Sonu Sahani logo
Sonusahani.com
Gemma 4: Google's Powerful 31B Open Model Locally

Gemma 4: Google's Powerful 31B Open Model Locally

0 views
8 min read
#AI

Google has thrown it out of the park with Gemma 4, a model family that punches so far above its weight class it makes models 20 times the size look slow and expensive. I have covered each and every Google model the last few years, especially the Gemma family, and I remain a huge fan. Let’s get the 31 billion instruction tuned model running locally and walk through the architecture, features, sizes, and benchmarking in plain words.

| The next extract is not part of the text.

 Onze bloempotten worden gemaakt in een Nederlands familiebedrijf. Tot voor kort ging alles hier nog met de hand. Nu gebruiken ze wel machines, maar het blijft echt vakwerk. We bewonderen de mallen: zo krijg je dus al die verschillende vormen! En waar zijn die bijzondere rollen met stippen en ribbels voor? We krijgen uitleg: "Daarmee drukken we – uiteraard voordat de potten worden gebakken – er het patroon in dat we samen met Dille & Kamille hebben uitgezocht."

Gemma 4 comes in four sizes: E2B, E4B, a 26 billion mixture of experts, and a 31 billion dense model. The smaller E2B and E4B models use per layer embeddings, which dramatically lowers their effective parameter count relative to their total. Embedding tables are large but only used for fast lookup, so they learn lean.

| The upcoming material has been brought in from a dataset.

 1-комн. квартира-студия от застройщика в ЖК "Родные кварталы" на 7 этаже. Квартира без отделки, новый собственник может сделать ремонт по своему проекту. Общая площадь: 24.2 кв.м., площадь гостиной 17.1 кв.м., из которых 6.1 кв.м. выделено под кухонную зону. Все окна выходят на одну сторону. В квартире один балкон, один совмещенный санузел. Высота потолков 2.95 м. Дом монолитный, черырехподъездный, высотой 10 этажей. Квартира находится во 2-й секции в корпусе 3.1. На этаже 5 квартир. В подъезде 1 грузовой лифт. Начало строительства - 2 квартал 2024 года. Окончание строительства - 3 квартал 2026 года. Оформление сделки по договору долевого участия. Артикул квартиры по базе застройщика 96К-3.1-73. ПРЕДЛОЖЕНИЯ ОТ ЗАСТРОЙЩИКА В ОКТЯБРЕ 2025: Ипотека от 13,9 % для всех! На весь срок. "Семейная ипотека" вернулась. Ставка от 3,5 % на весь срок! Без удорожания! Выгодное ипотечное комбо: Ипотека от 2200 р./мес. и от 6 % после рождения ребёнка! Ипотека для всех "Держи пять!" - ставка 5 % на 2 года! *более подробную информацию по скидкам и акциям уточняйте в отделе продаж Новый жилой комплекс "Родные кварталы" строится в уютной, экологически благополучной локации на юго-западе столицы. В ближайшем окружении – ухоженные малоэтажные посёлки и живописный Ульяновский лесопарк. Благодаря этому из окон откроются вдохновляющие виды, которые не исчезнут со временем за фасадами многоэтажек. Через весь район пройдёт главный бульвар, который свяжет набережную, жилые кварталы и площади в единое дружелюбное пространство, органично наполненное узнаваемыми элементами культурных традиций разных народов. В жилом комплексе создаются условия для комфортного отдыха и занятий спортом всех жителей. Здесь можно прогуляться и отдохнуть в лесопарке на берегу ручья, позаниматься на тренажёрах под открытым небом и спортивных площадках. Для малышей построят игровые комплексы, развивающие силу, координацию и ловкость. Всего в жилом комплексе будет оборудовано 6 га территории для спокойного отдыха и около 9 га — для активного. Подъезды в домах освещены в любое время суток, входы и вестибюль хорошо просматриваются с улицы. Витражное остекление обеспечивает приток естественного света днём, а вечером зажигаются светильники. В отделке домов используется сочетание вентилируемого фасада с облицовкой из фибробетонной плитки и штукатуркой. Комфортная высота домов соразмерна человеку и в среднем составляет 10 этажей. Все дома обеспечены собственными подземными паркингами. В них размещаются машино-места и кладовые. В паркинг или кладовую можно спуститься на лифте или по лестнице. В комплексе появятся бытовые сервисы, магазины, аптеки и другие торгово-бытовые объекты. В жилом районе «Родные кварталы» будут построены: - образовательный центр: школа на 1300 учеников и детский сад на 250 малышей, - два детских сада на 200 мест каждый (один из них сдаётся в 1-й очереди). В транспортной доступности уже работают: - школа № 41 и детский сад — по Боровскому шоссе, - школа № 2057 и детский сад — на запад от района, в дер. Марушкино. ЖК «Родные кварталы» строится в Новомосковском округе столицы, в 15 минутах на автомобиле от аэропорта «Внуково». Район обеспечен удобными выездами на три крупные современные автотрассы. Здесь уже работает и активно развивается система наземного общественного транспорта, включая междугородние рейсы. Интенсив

The 26 billion is a mixture of experts model that only activates 3.8 billion parameters during inference. The 31 billion model I am focusing on here is a straight dense model. I am a huge fan of dense models because they offer maximum quality and are great for fine-tuning.

Screenshot from Gemma 4: Google's Powerful 31B Open Model Locally at 152s

Every Gemma 4 model uses a hybrid attention mechanism that alternates between local sliding window attention and full global attention. This keeps memory efficient while handling long context up to 128k tokens on small models and 256k on larger ones. That is a sweet spot I have seen Google aim for in Gemma.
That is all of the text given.